STILLWATER, Okla. – After losing in the quarterfinals here at the NCAA Women’s Championship, Duke coach Dan Brooks gathered his team and walked back toward the 18th hole. He wanted to get away and deliver a parting speech to senior Leona Maguire, one of the most important players in program history.

“I feel like I didn’t say enough, and I feel like I didn’t say it right,” he said afterward. “I guess that’s inevitable when dealing with a player who has meant so much.”

Maguire’s heralded Duke career came to an end Tuesday when she and her teammates dropped their quarterfinal match to Southern Cal, 3 1/2 to 1 1/2. Maguire did her part, winning, 1 up, against USC’s Jennifer Chang, but it still wasn’t enough.

Maguire will go down as one of the best players not just in Duke’s storied history, but all time in college golf.

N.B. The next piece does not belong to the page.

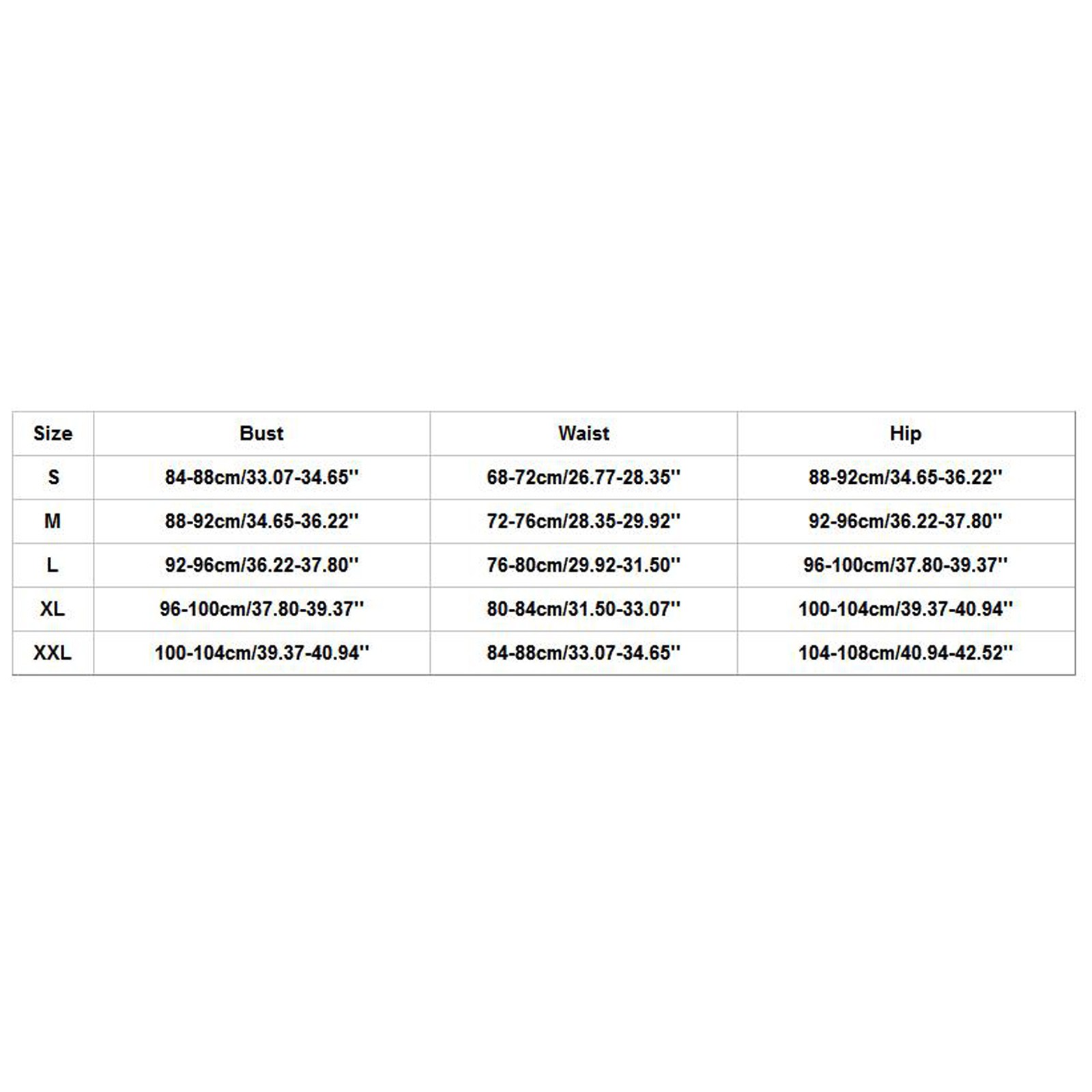 Размеры Бюст Талия Бедра S 84-88 см/33,07-34,65 дюйма 68-72 см/26,77-28,35 дюйма 88-92 см/34,65-36,22 дюйма М 88-92 см/34,65-36,22 дюйма 72-76 см/28,35-29,92 дюйма 92-96 см/36,22-37,80 дюйма L 92-96 см/36,22-37,80 дюйма 76-80 см/29,92-31,50 дюйма 96-100 см/37,80-39,37'' XL 96-100 см/37,80-39,37'' 80-84 см/31,50-33,07 дюйма 100-104 см/39,37-40,94''

She’s a two-time Player of the Year. She finished with the best scoring average (70.93) in Division I women’s golf history. She had a record 32 competitive rounds in the 60s. She spent 135 weeks at the top of the World Amateur Golf Rankings, another record.

The 23-year-old from Ireland is the rare collegian who turned down guaranteed LPGA status to return to school to earn her degree and try to win a NCAA title with twin sister Lisa, the team’s No. 5 player. Ultimately, they never reached the championship match.

“I wouldn’t change a thing,” she said softly outside the clubhouse. “The experiences, the memories, I wouldn’t change it for the world.”

Maguire said that she’s turning pro soon and has a full schedule upcoming. She’ll play the ShopRite LPGA Classic and then try to capitalize on her full status on the developmental Symetra circuit.

Asked about her potential at the next level, Brooks said that Maguire can be a future Hall of Famer.

“She’s the hardest worker and the smartest player I’ve ever coached,” he said. “I’m really going to miss her.”